Apart from Zstandard, Facebook has open sourced MyRocks — the next generation MySQL storage engine. MyRocks is claimed to save 50 percent of storage space as compared to compressed InnoDB. Likewise, MyRocks-powered RocksDB has several advantages over the default InnoDB storage. RocksDB uses a minimal number of overall I/O per read or update. The database is comparatively lightweight, puts a negligible strain on write endurance of flash storage. You can use MyRocks only via a fork of MySQL 5.6.

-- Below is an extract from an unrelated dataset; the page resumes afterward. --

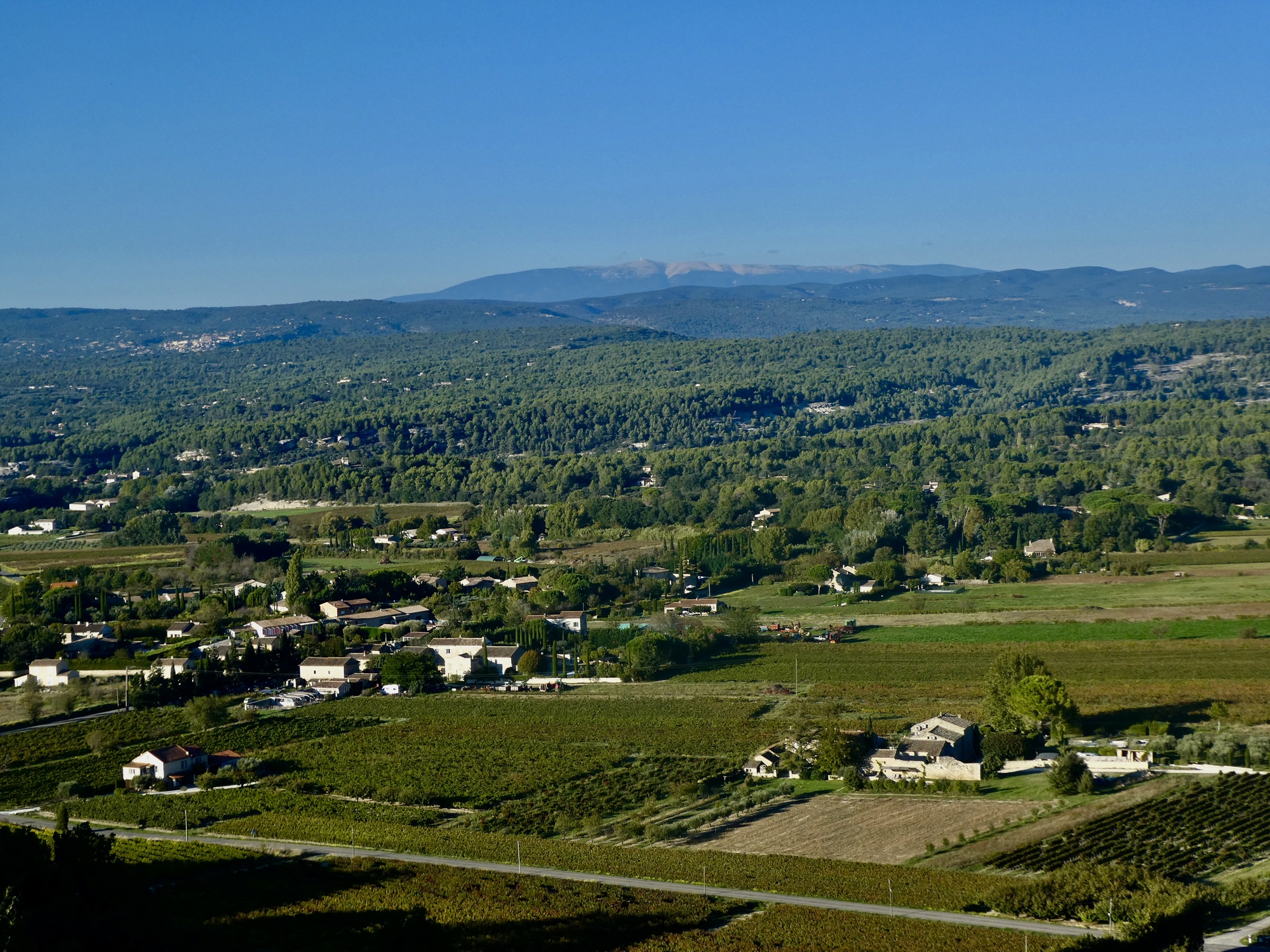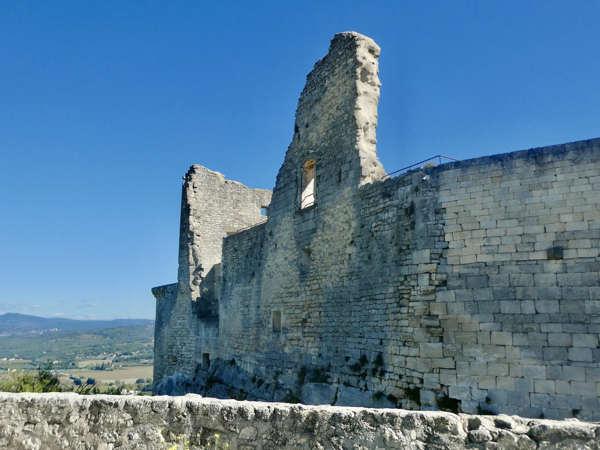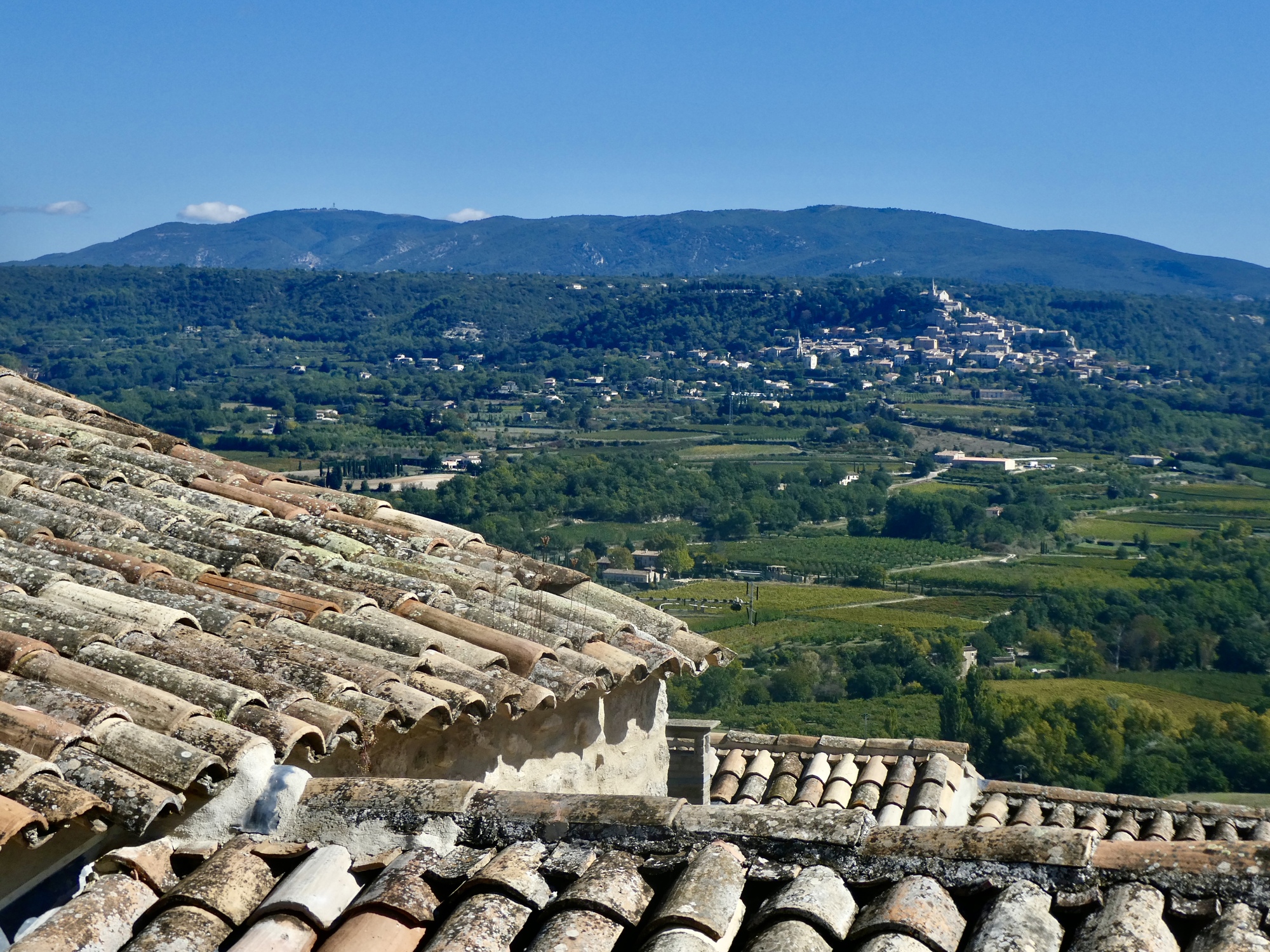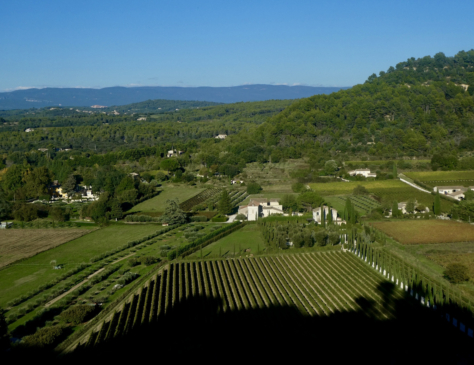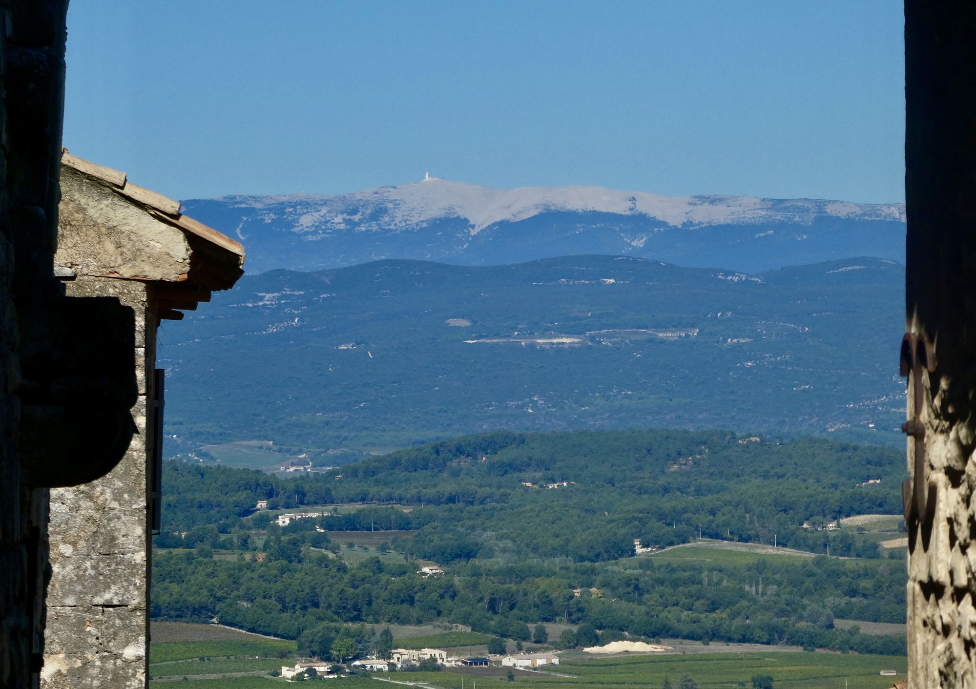 But the views! Lacoste sits in an impressive spot. Looking back down the street we’ve pushed up we get a nicely framed view of Mont Ventoux. And off to the east we get a good look at Bonnieux; and from the spur we walk up to the top to the grassy apron below De Sade’s ruined castle we get more fine views across the Calavon and to the villages to the north.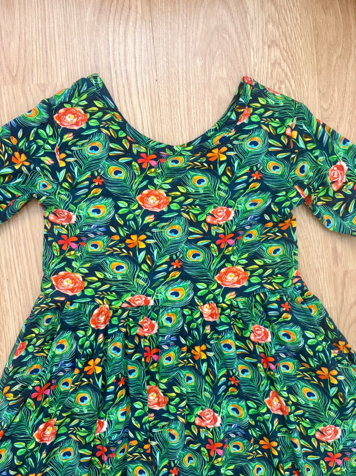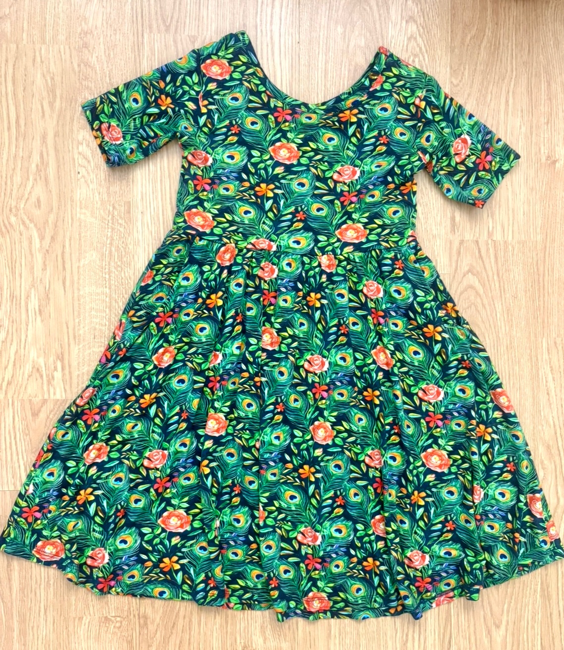 Šaty 134/140 z USA z 95% bambusovej viskôzy ( fantastický materiál,chladivý,dieťa sa nepotí) PC 45$ majú vrecká..perfekt stav.Krásna farebná kombinácia-pávie perie a kvety.

Tested on Facebook for more than half a year

The best part is, both Zstandard and MyRocks have been tested at scale within Facebook for over six months. Facebook has noted impressive results with both the technologies. Moreover, the Mark Zuckerberg-led team believes that these technologies will be adopted more quickly as an open source solution than as a proprietary package of the single company.

Late last month, Facebook released the code of its three artificial intelligence (AI) tools to upgrade the existing machine vision. The open source tools, namely DeepMask, SharpMask and MultiPathNet, are designed to enable image segmentation and label object masks in photographs stored on a system.